Council back-flip on Stingray Creek

A BACK-FLIP decision to repair, rather than replace, the bridge over Stingray Creek at North Haven could cost council $6 million worth of state government funds.

The surprise decision has caused uproar among the  Camden Haven community.

Member for Port Macquarie Leslie Williams said the community had the right to feel betrayed after council abandoned its former plans 

Mrs Williams said Minister for Roads, Duncan Gay confirmed the state government made an election promise to the community to help fund a new bridge. Not to repair the existing one.

“Hence, the state government’s funding commitments will not be redirected to other council projects, of which the NSW Government has not received any  details,” Mrs Williams said.

But yesterday morning Port Macquarie mayor Peter Besseling said he was confident the NSW government would deliver the money.

“Council resolved last night to seek formal clarification from the state government regarding the status of funding to repair the bridge, which has not been received today. At such a time when this is clarified further funding evaluation will occur,” he said later.
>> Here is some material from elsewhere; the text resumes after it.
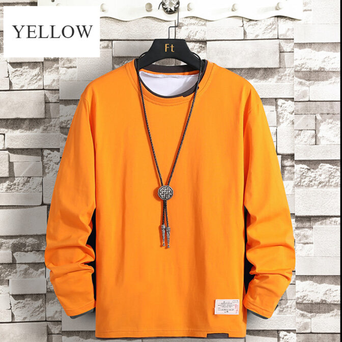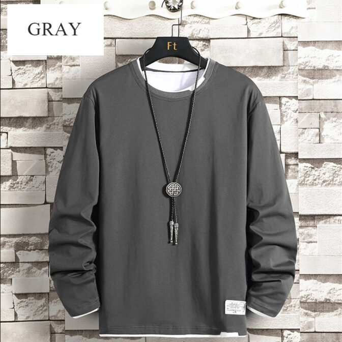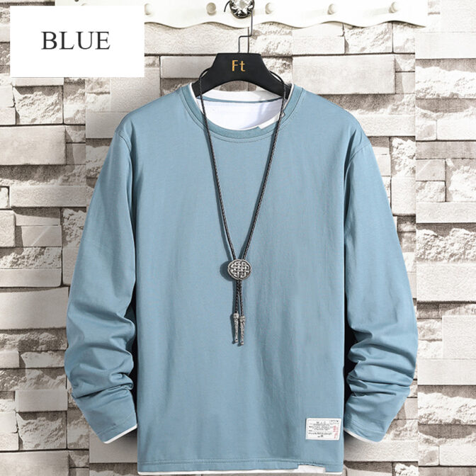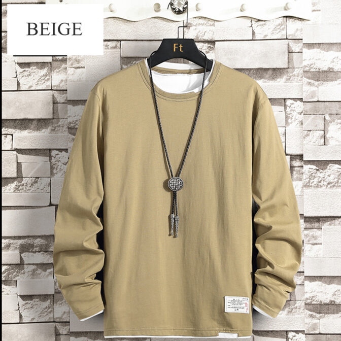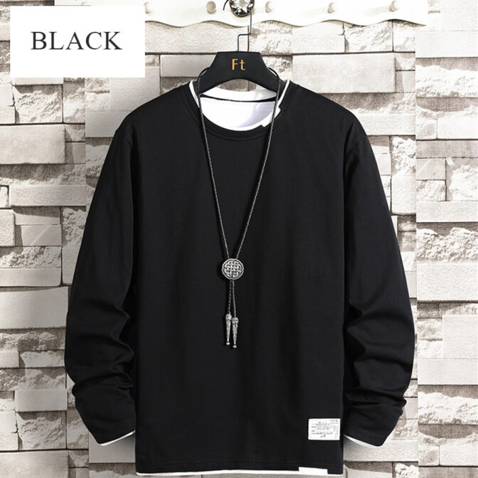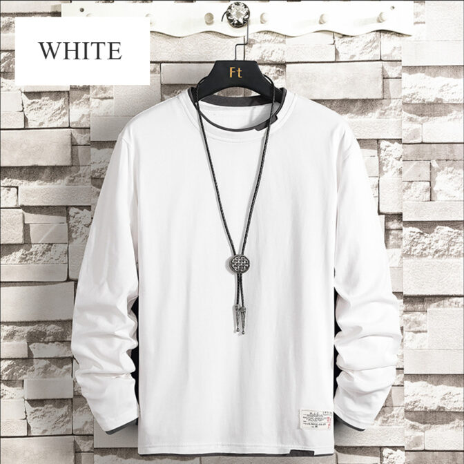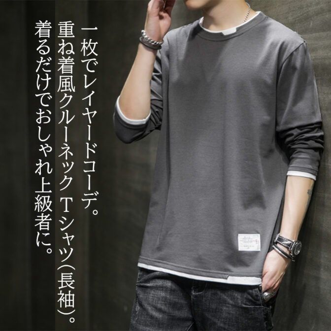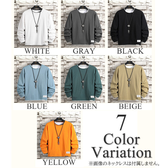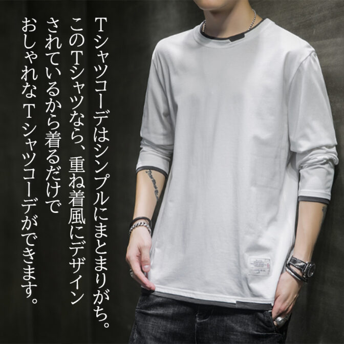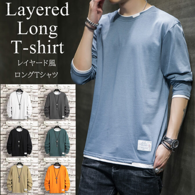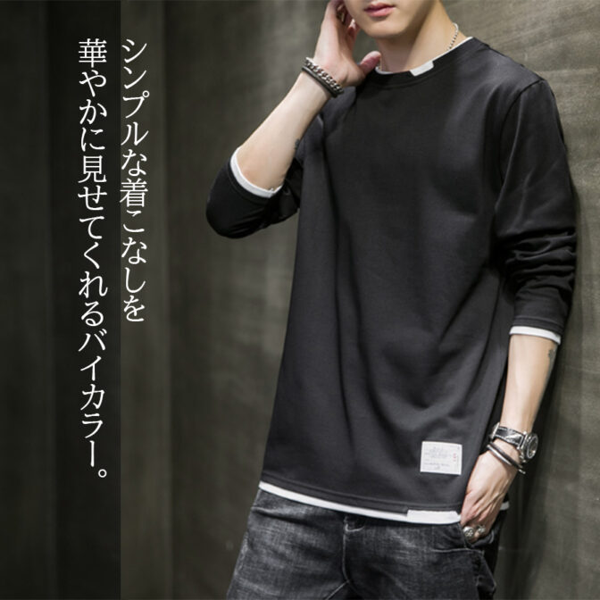 商品名:ロングTシャツ ロンt 長袖tシャツ メンズ カットソー 無地tシャツ 重ね着 レイヤード ワンポイント バイカラー

Mrs Williams said she could not fathom council’s decision  when the project was set to be “shovel-ready” by mid-2013.

“Despite many years of planning, $6 million in state government funding, the approval of an $8.6 million low interest loan and countless meetings and community consultations, council has now decided to repair the 50-year-old bridge instead of the promised replacement,” Mrs Williams said.

It could be more than 20 years before a new bridge is built, after councillors unanimously agreed  to spend $3 to $5 million to upgrade the existing crossing Council’s director of infrastructure services Jeffery Sharp said a recent independent report revealed repairing the bridge could expand its life for another 20 years.

“It is fair to say the most recent independent report did not show the levels of degradation we assumed we would see,” Mr Sharp told the council.

This could be attributable to the 18,000 tonne load limit placed on the bridge back in 1999 and more rigorous testing undergone by the latest analysis. 

Cr Besseling believed the community would be pleased with the outcome.

“All the councillors heard the community loud and clearly when they said they wanted the council to be responsible with rate payer dollars,” Cr Besseling said.

“For us, this is a very cost effective option. Its going to provide everything we need in the Camden Haven community in terms of a wider bridge crossing, better pedestrian access, better mobility access for people across the bridge – and I think it’s a great result.”

Cr Besseling hoped any excess money from the estimated between $3-$5 million cost of replacing the bridge, versus the original promise of $6 million, would go directly to the Camden Haven community road infrastructure.

Mrs Williams said council’s forfeit of the low-interest loan, and $6 million funding was a missed opportunity.

“The money was allocated specifically for the replacement of Stingray Creek Bridge as part of an election promise,” she said. “It is now a very different scenario.” 

Repair works are estimated to take between four to six months. 

Council have committed to building a financial reserve to fund the inevitable replacement of the bridge in a 20 year timeframe.

MP Leslie Williams with disappointed long-time Camden Haven businessman Keith Dykes, who does not understand council's change of mind, and Gavin Rippon at Stingray Creek Bridge.

MP Leslie Williams with disappointed long-time Camden Haven businessman Keith Dykes, who does not understand council's change of mind, and Gavin Rippon at Stingray Creek Bridge.